IN THE HIGH COURT OF JUSTICE

FAMILY DIVISION

Before:

The President

Case No: FD99C00286

Between:
A Local Authority
Applicant
and
A Health Authority
First Respondent
and
MS A
Second Respondent

Mr Roger McCarthy QC appeared for the Applicant

Mr Richard Booth (instructed by Radcliffes Le Brasseur) for the First Respondent

Mr Allan Levy QC and Miss Joanna Hall (instructed by Hodge Jones and Allen)for the Second Respondent

Miss Angela Hodes appeared for the Official Solicitor

Hearing dates : 23 rd– 25 th July 2003

Approved Judgment

I direct that pursuant to CPR PD 39A para 6.1 no official shorthand note shall be taken of this Judgment and that copies of this version as handed down may be treated as authentic

Dame Elizabeth Butler-Sloss, P.

This judgment is being handed down in private on 27 th November 2003. It consists of 31 pages and has been signed and dated by the judge.

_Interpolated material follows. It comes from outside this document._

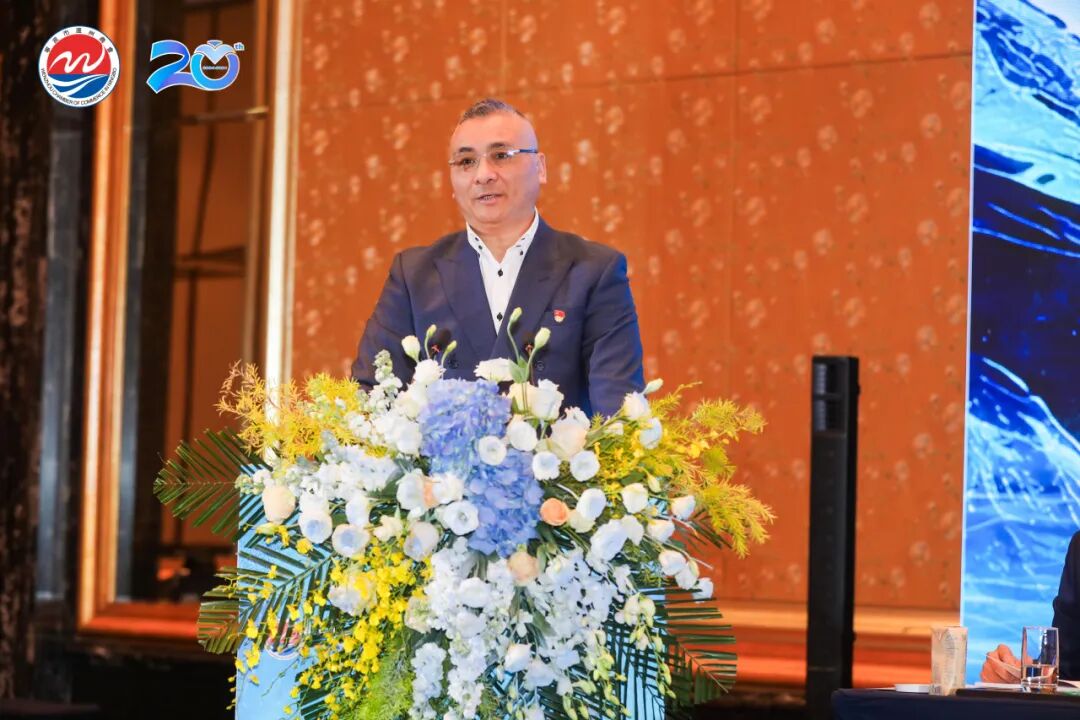 新当选会长陈昌海发表讲话,陈会长在讲话中代表第五届理事会和新一届领导班子向甬温两地党委政府和主管部门、社会各界及全体会员表达了诚挚的感谢。他表示,未来五年是深入贯彻落实党的二十届三中全会精神,全面深化改革、推动中国式现代化的关键五年,也是商会接续发展、充满希望的五年。商会将紧扣“勇当先行者、谱写新篇章”新定位、新使命,在新的起点上肩负新使命、展现新作为、焕发新气象。一是要大力弘扬新时代“四千精神”,擦亮甬温商“永远跟党走”名片;二是要全面搭好新形势桥梁纽带,引领企业勇当高质量发展排头兵;三是要积极践行社会责任,展现甬温商助富新风采。进一步加强商会自身建设、深化交流合作,推动行业创新发展、促进转型升级,优化会员服务机制、强化服务职能,开创商会事业的新局面,为实现甬温两地高质量发展做出新的更大的贡献。

The judge hereby gives leave for it to be reported.

The judgment is being distributed on the strict understanding that in any report no person other than the advocates or the solicitors instructing them (and other persons identified by name in the judgment itself) may be identified by name or location and that in particular the anonymity of the children and the adult members of their family must be strictly preserved.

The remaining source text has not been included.